Diagram shows how GPUDIrect RDMA technology enables control and data packets to flow directly over the network between GPUs on different systems.
Figure 2. NVIDIA GPUDirect RDMA enables a direct path for data exchange between the GPU and third-party peer devices using standard features of PCI Express

To enable GPUDirect RDMA on a Linux system, the nvidia-peermem module is required (available in CUDA 11.4 and later). Figure 3 shows the ideal system topology to maximize the GPUDirect RDMA internal throughput: a dedicated PCIe switch between GPU and NIC, rather than going through the system PCIe connection shared with other components.
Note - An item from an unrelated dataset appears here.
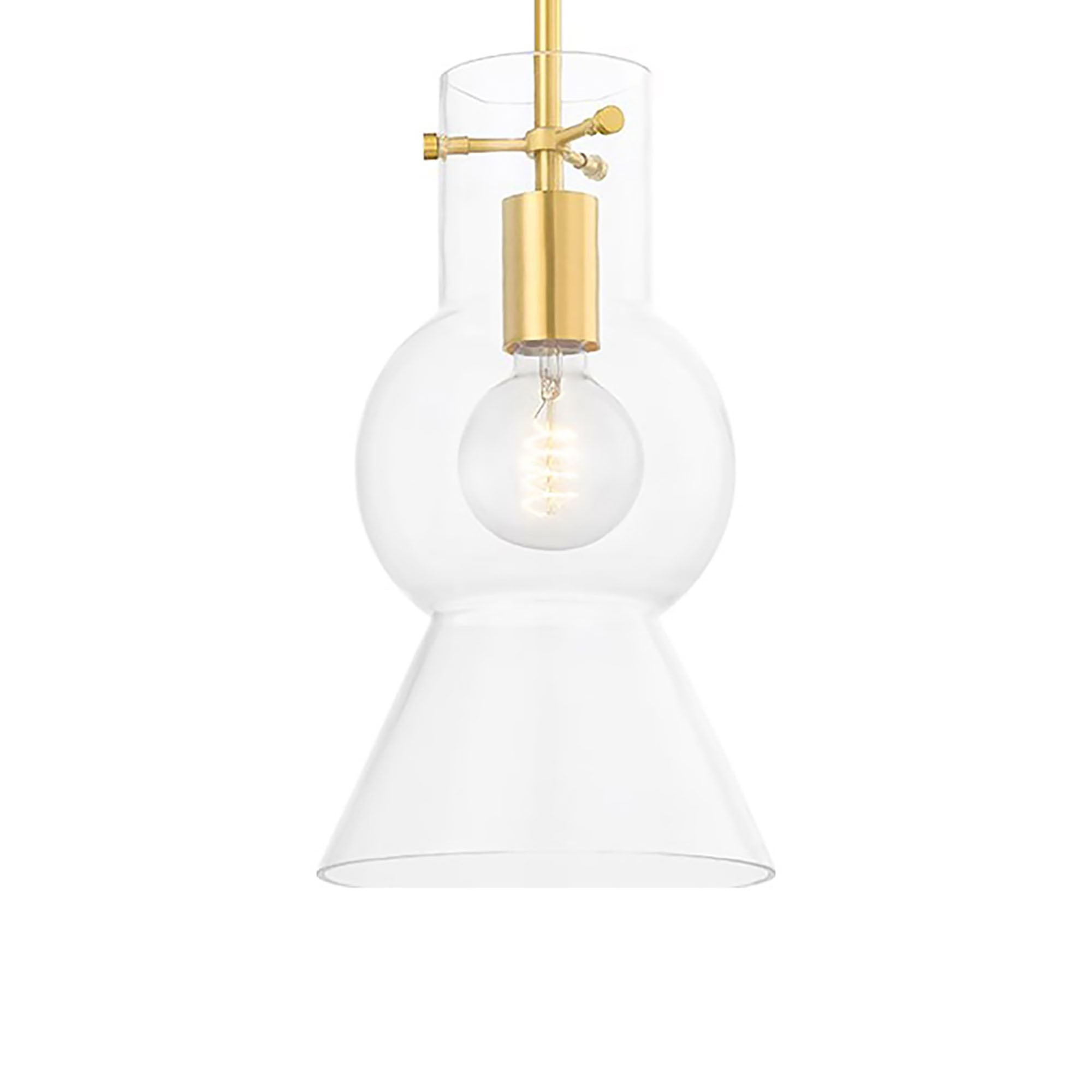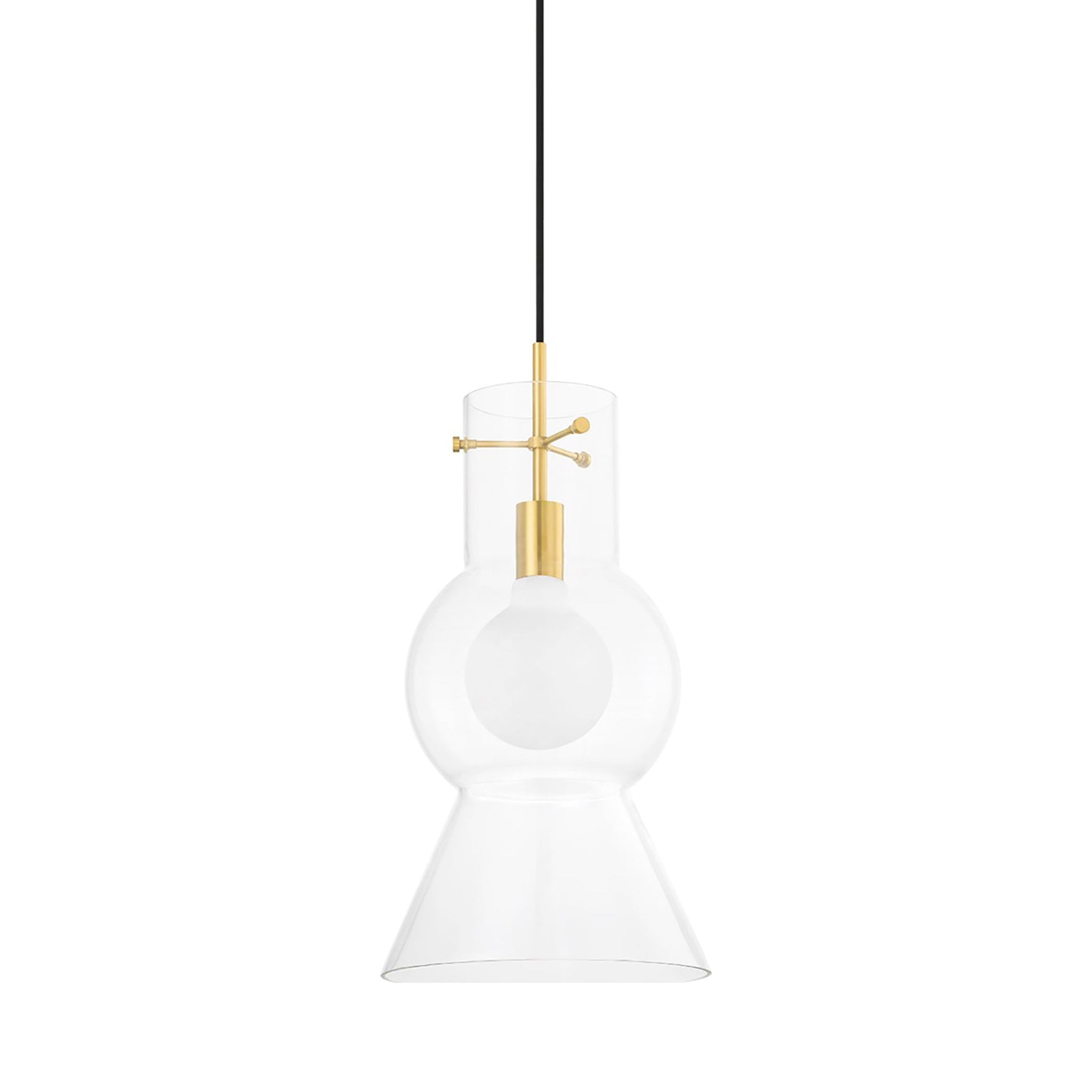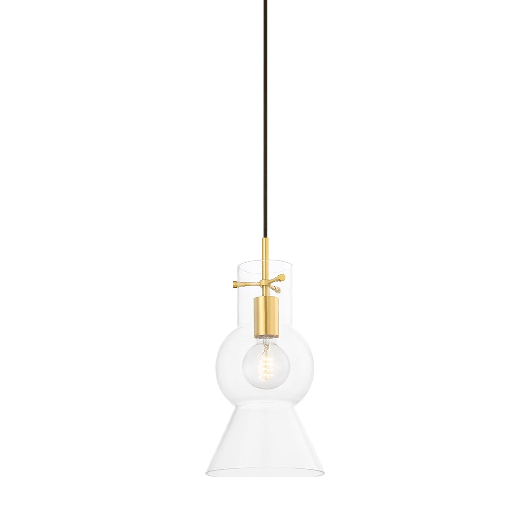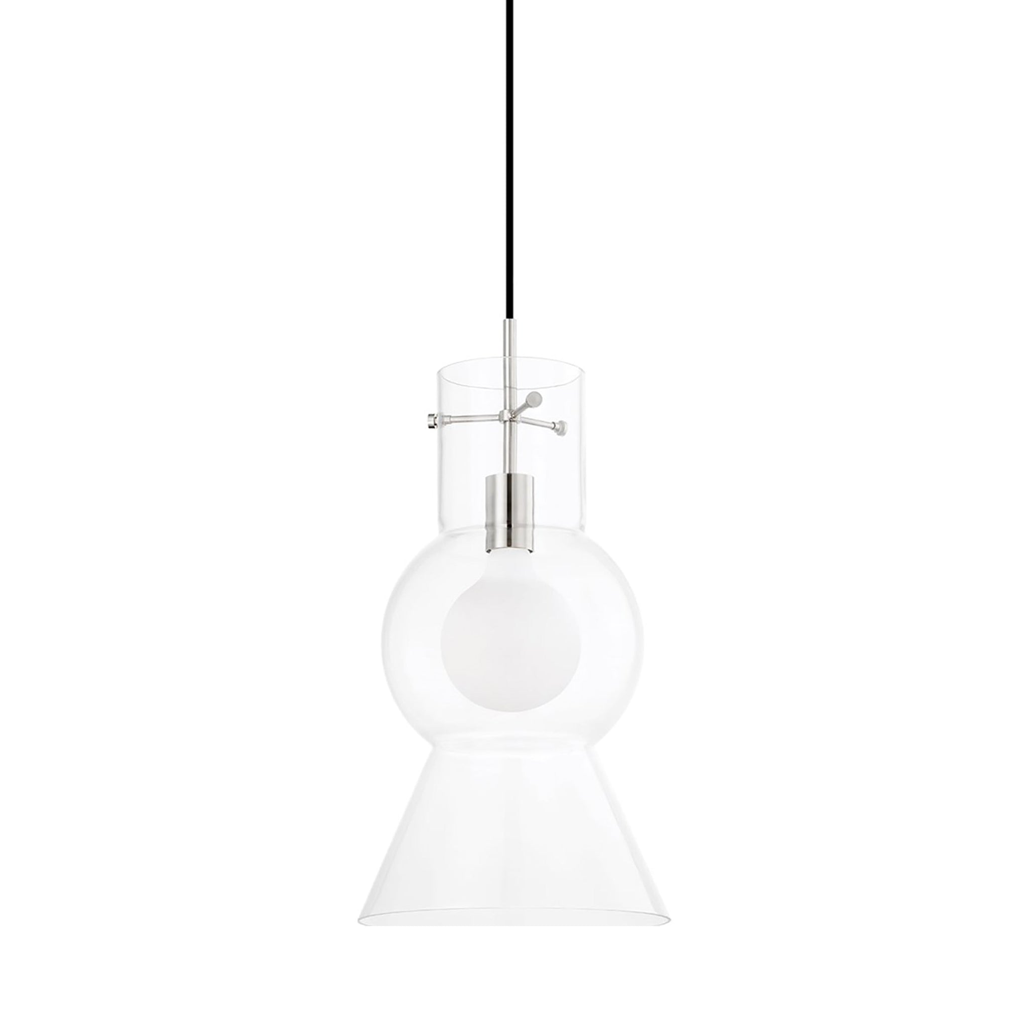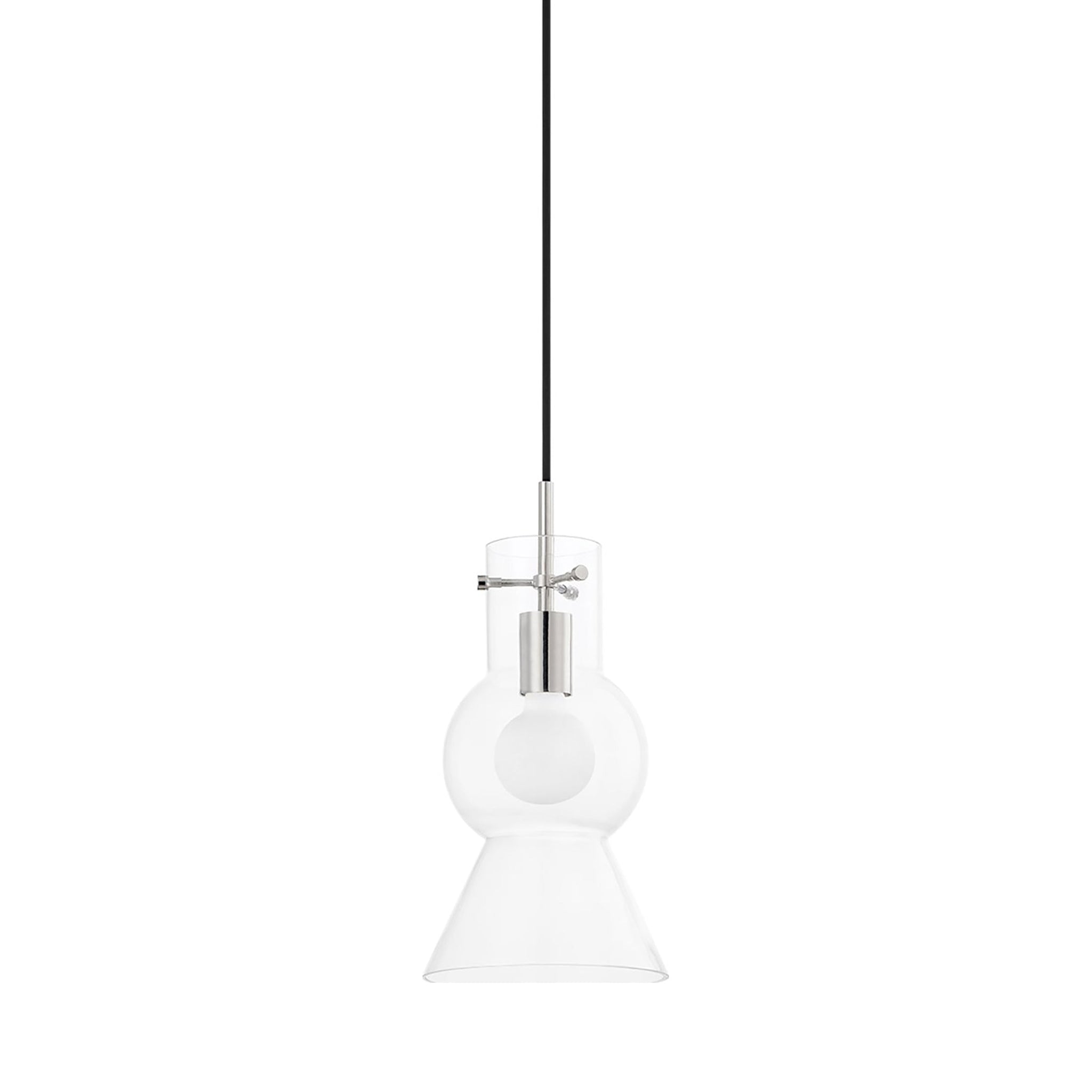 With a crafty throwback to industrial aesthetics, the Mirabel Pendant Light from Mitzi delivers the simplicity you require in a tasteful minimalized space. Embrace the sheer elegance of sparkling clear glass that forms a shapely shade giving way to an ornate metal socket and a black suspension cable for good measure.

Diagram shows a topology that connects CPUs, GPUs, and network cards over the PCIe bus.
Figure 3. Ideal topology to maximize internal data throughput between the network controller and GPU

Control flow

The CPU is the main player coordinating and synchronizing activities between the network controller and the GPU to wake up the NIC to receive packets into GPU memory and notify the CUDA workload that new packets are available for processing.

When dealing with a GPU, it’s really important to emphasize the asynchrony between CPU and GPU. For example, consider a simple application executing the following three steps in the main loop:

  • Receive packets.
  • Process packets.
  • Send back modified packets.

In this post, I cover four different methods to implement the control flow in this kind of application, including pros and cons.

Method 1 

Figure 4 shows the easiest but least effective approach: a single CPU thread is responsible for receiving packets, launches the CUDA kernel to process them, waits for the completion of the CUDA kernel, and sends the modified packets back to the network controller.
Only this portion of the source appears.